BIO

Sarah Rossiter was born in 1984 in Ōtautahi, Aotearoa.

Sarah has recently returned to Pōneke, Aotearoa after being based in Birraranga (Melbourne), Australia since 2012. She began making wheel thrown ceramics under the tutorage of Valerie Restarick at her North Carlton studio in 2014 . Sarah went on to attend an artist residency in Oaxaca, Mexico in 2016 where she learnt to hand build ceramics under the guidance of local artisans. In 2017 she spent 6 months living and creating work in the desert  of Mparntwe (Alice Springs), Australia.

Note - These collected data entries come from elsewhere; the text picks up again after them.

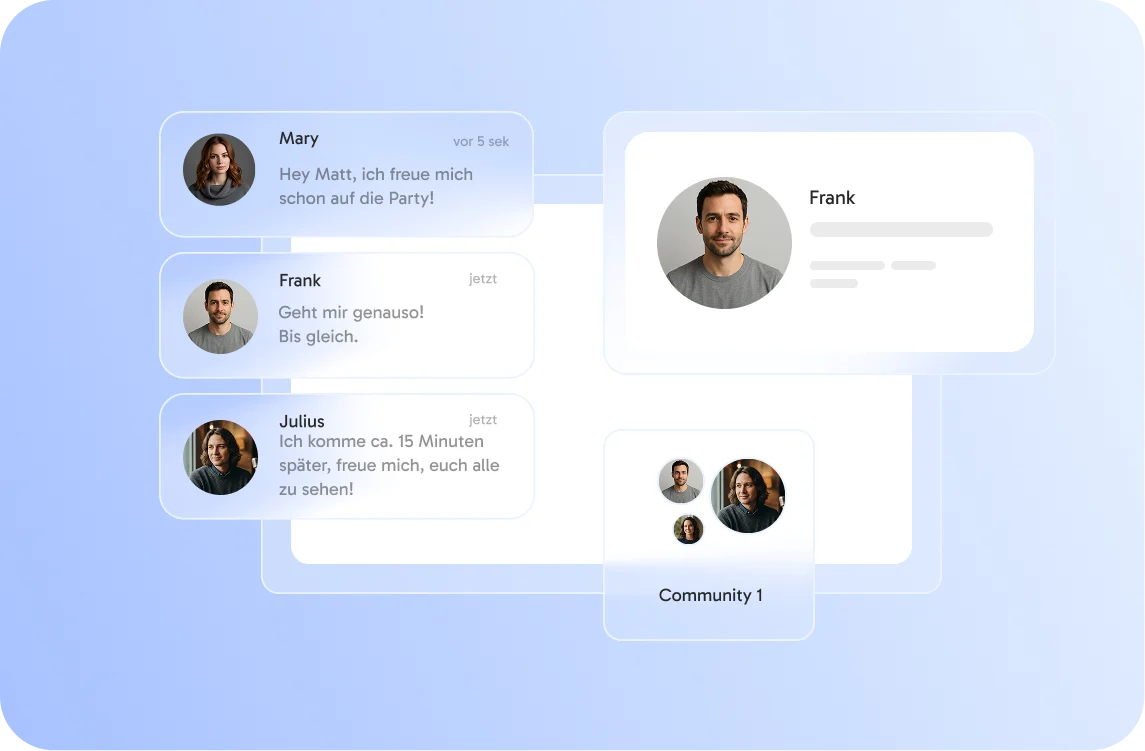 Förder echte Beziehungen innerhalb deiner Community. Biete deinen Mitgliedern einen Ort, um sich zu vernetzen – von Mitgliederverzeichnissen und 1:1-Nachrichten bis hin zu Gruppenchats und smartem Matching. Mitglieder können Profile erstellen, Interessen teilen und direkt mit anderen interagieren.
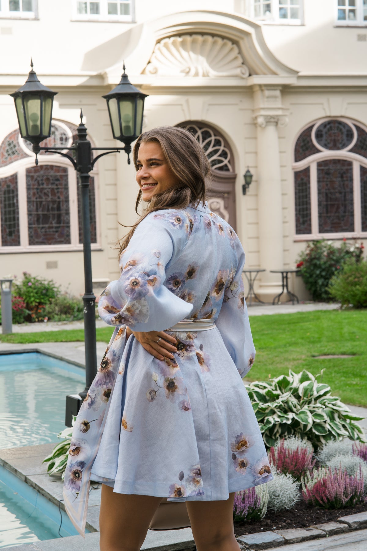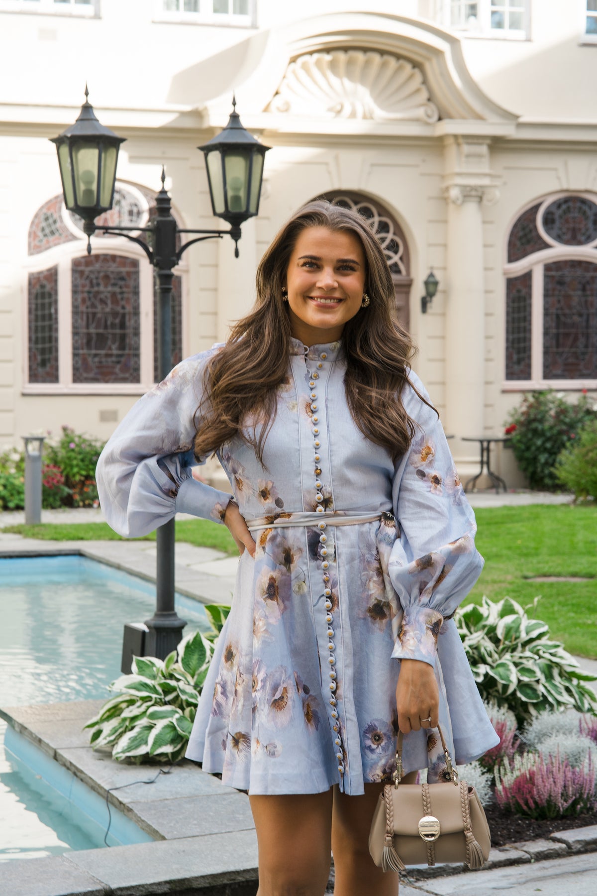 Hypnotic Buttoned Mini Dress fra Zimmermann. En nydelig kjole laget i 100% lin med et romantisk mønster, skjortekrage, voluminøse og med en nydelig silhuett. Kjolen har et matchende belte i midjen som fremhever en feminin silhuett, og knapper foran.
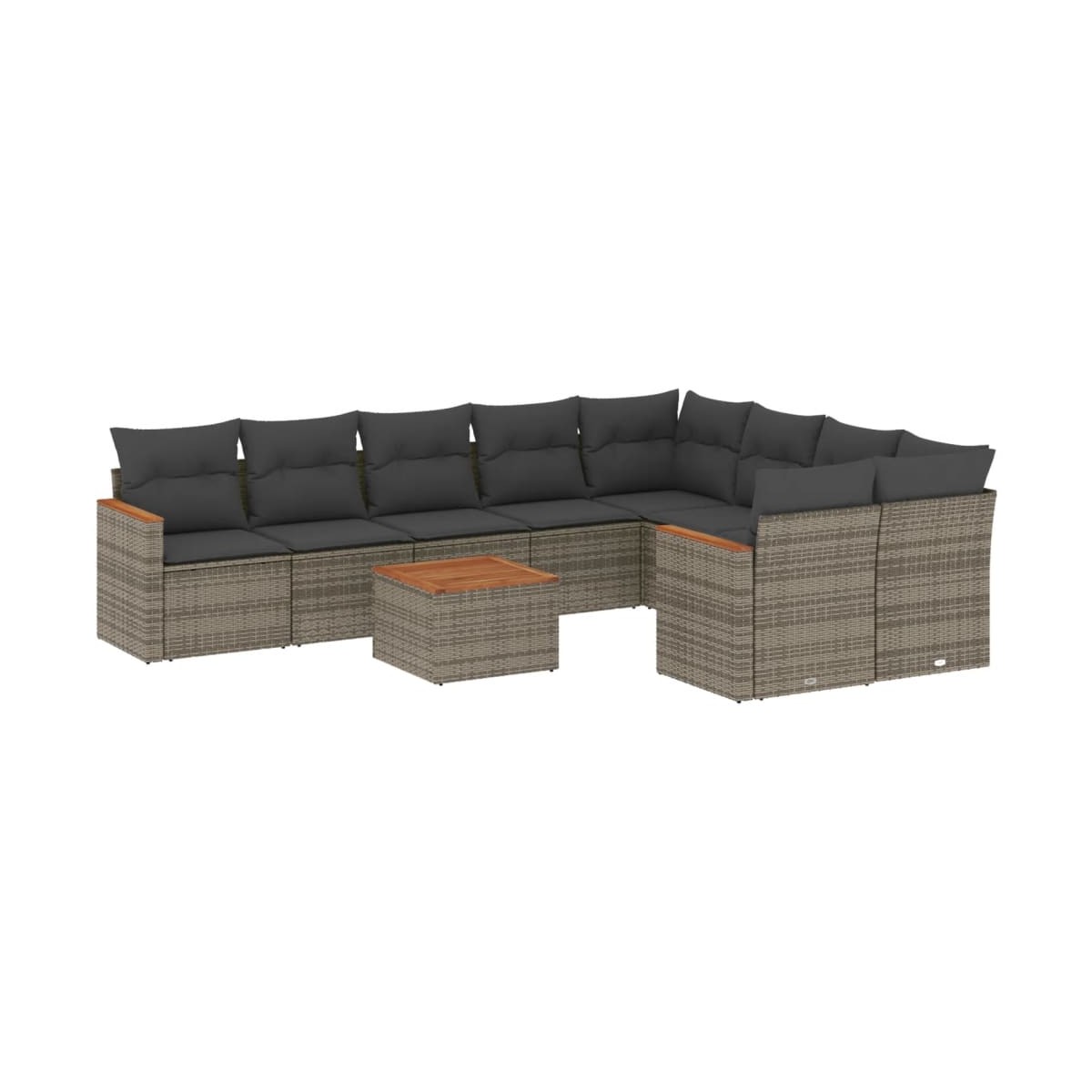 Este conjunto de sofás de jardín es el complemento perfecto para el jardín, terraza o patio, ya que proporciona un espacio confortable y acogedor para charlar con familiares y amigos o simplemente relajarte y disfrutar del aire libre. Material duradero: El ratán PE, también conocido como ratán sintético, es un material sintético resistente y de bajo mantenimiento que se parece al ratán natural. Es ligero, fácil de limpiar y se usa comúnmente para muebles de exterior debido a su durabilidad y propiedades resistentes a la intemperie.Función de almacenamiento con bolsa resistente al agua: El mueble de jardín cuenta con espacio de almacenamiento debajo del asiento, completo con una bolsa resistente al agua para guardar cojines, juguetes y otros artículos. La bolsa interior se puede sujetar de forma segura a los muebles de exterior con cierres de gancho y bucle para mayor estabilidad.Superficie estable y fácil de limpiar: Esta mesa de jardín tiene una superficie de madera de acacia que es resistente, duradero y fácil de limpiar con un paño húmedo.Funda desenfundable y lavable: Estos cojines de asiento cuentan con fundas desenfundables para facilitar el lavado y mantenimiento.Diseño modular: Este conjunto de muebles de exterior tiene un diseño modular, por lo que es completamente flexible y fácil de mover, para que puedas crear una disposición de muebles de exterior personalizada. Información útil:Para asegurarte de que tus muebles de exterior se mantengan hermosos, recomendamos protegerlos con una funda impermeable.
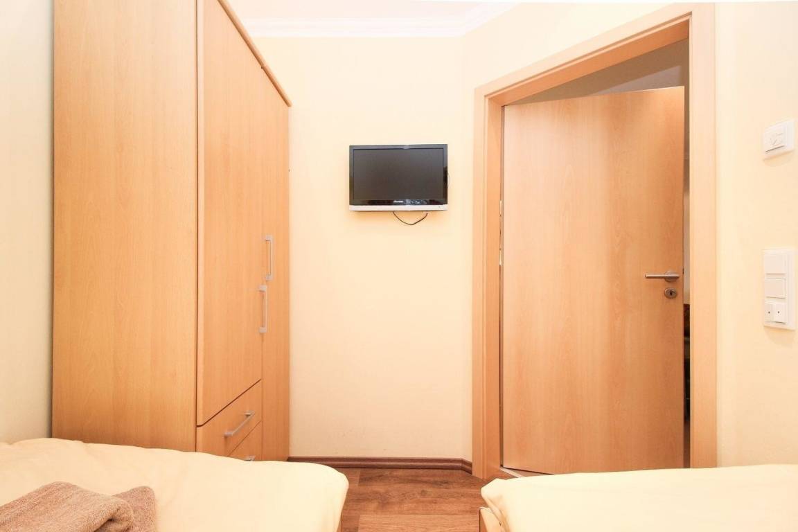 Das Kinderzimmer ist mit zwei Einzelbetten (0,80x2,00), Kleiderschrank, Radio mit CD und ebenfalls einem Flachbildschirm-TV ausgestattet.
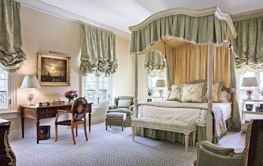 同样地,米色+灰绿色的搭配方式依然带来幽雅、舒缓的惬意感受。不论是灰绿色壁纸,还是灰绿色帘幔,皆会让人发自内心的宁静。
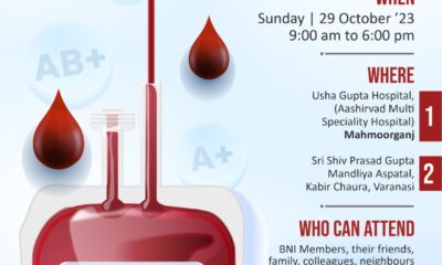 वाराणासी। BNI वाराणसी अपने छठे स्थापना दिवस के उपलक्ष्य में दिनांक 29 अक्टूबर रविवार को अनुकरणीय व अनमोल कार्य रक्तदान महाकुंभ शिविर का आयोजन सुबह 9...
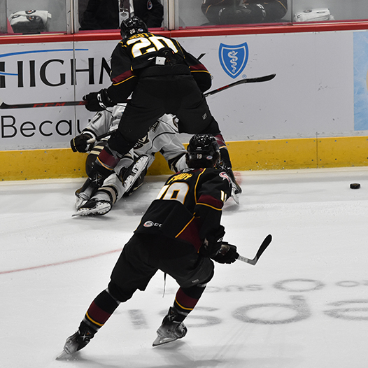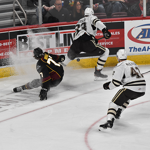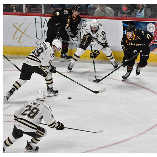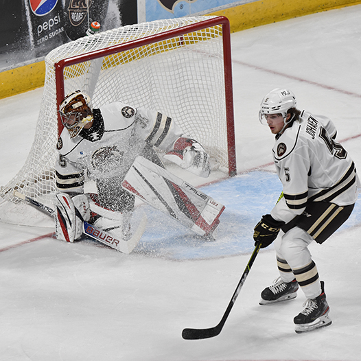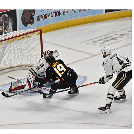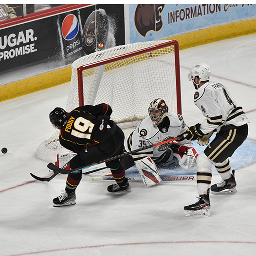 The Monsters struck first at the 7:12 mark of the opening stanza and led 1-0 after 20 minutes. Liam Foudy squeaked a backhander low to the ice past Bears netminder Zach Fucale for his second goal of the season. Shots after 20 minutes were 13-9 Hershey. Next period, Franson’s equalizer came on a 5-on-3 power play for the Bears. After Josh Dunne and Cole Clayton were penalized 16 seconds apart, Franson blasted home his first goal as a Bear at the 15:00 mark.
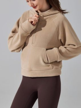 Stay warm and casual with our Womens Fall Winter Solid Color Hooded Half-Zip Thick Fleeced Sweatshirt featuring kangaroo pockets. Perfect for cozy layering and everyday seasonal style.
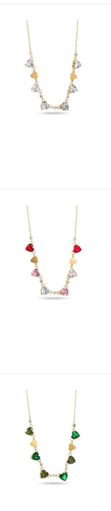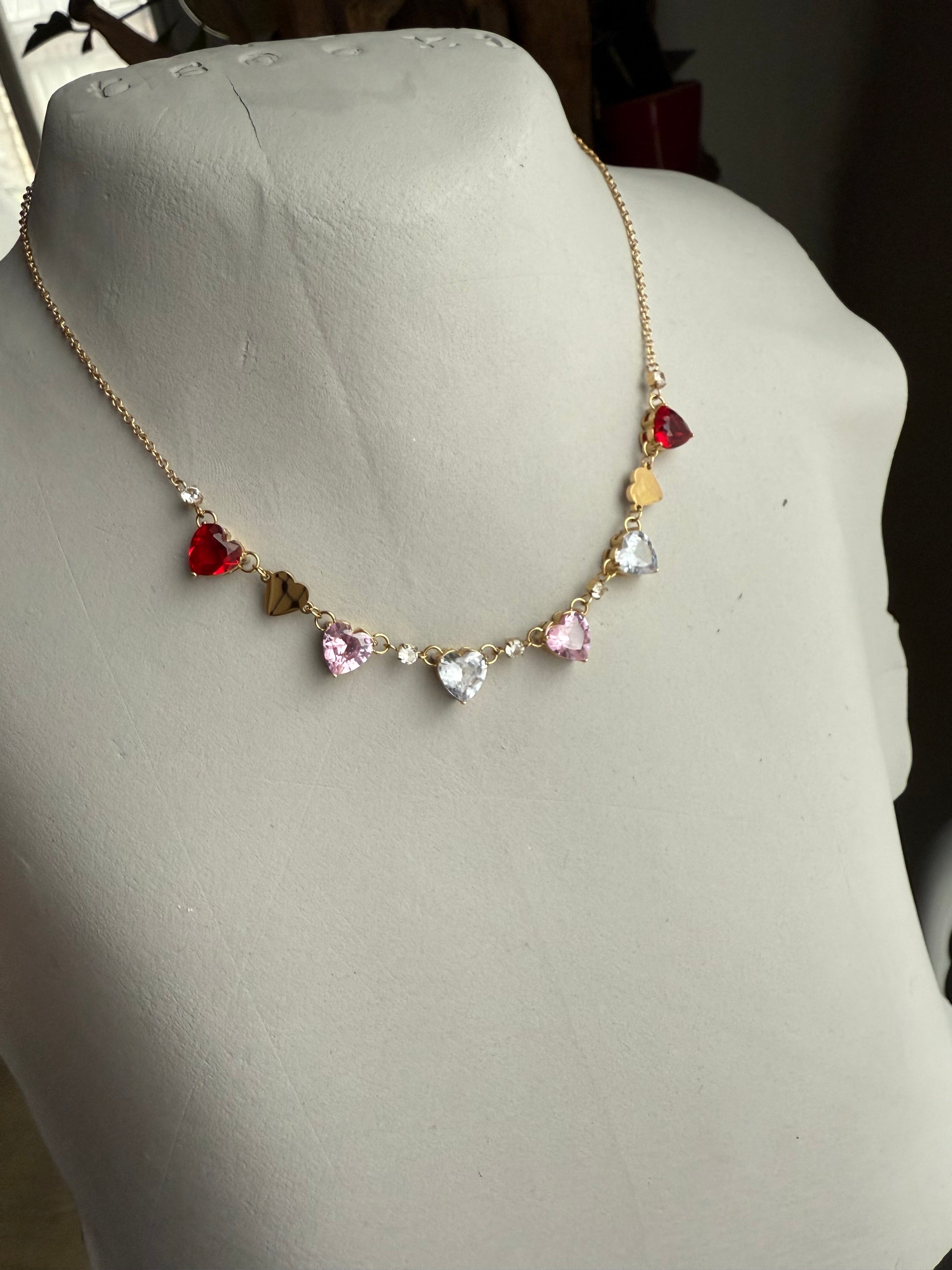 Collier serti de 6 cœurs en strass en camaïeu de rouge et rose, ainsi que 6 petits strass blancs.
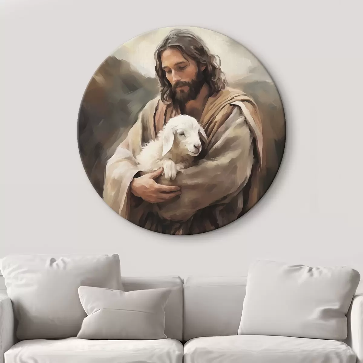 Tableaux rondes Jésus avec l'agneau Nr r43356

Sarah is an Interdisciplinary artist working across the mediums of Painting, Installation, Textiles, Photography and Ceramics.  As a practicing ceramicist, she’s motivated to make work that inquires into the functions and aesthetic qualities associated with domestic objects. She works predominantly in installation bringing together her myriad of practices and marrying them in a formal context.

Sarah’s installation work is a sprawling regurgitation of objects and artwork culled from her bedroom and studio and placed within a gallery context. Her installations supplant her trans-disciplinary practice as a major work that moves between states of becoming and decay, new beginnings and departure, and references the noisy, chaotic and energized nebula that characterizes her visual practice.

The irregular and disparate media she employs are realised through small back catalogues of drawings, photography, clay work, as well as found sculpture and assembled bricolage. These formal components, sitting comfortably in gallery context, are undercut and likened to the plethora of jumbled everyday-detritus she simultaneously presents as opus. The sweeping of everyday objects include seashells and empty beer cans, tokens of game-play, cogwheels, puddles of pigmented water, collections of toys, and dried flora.

In her work she aims to reveal a deeper glimpse into her everyday fascinations that would otherwise remain in clandestine. She works with nostalgia, re purposing, creation, transformation, loss and reimagining.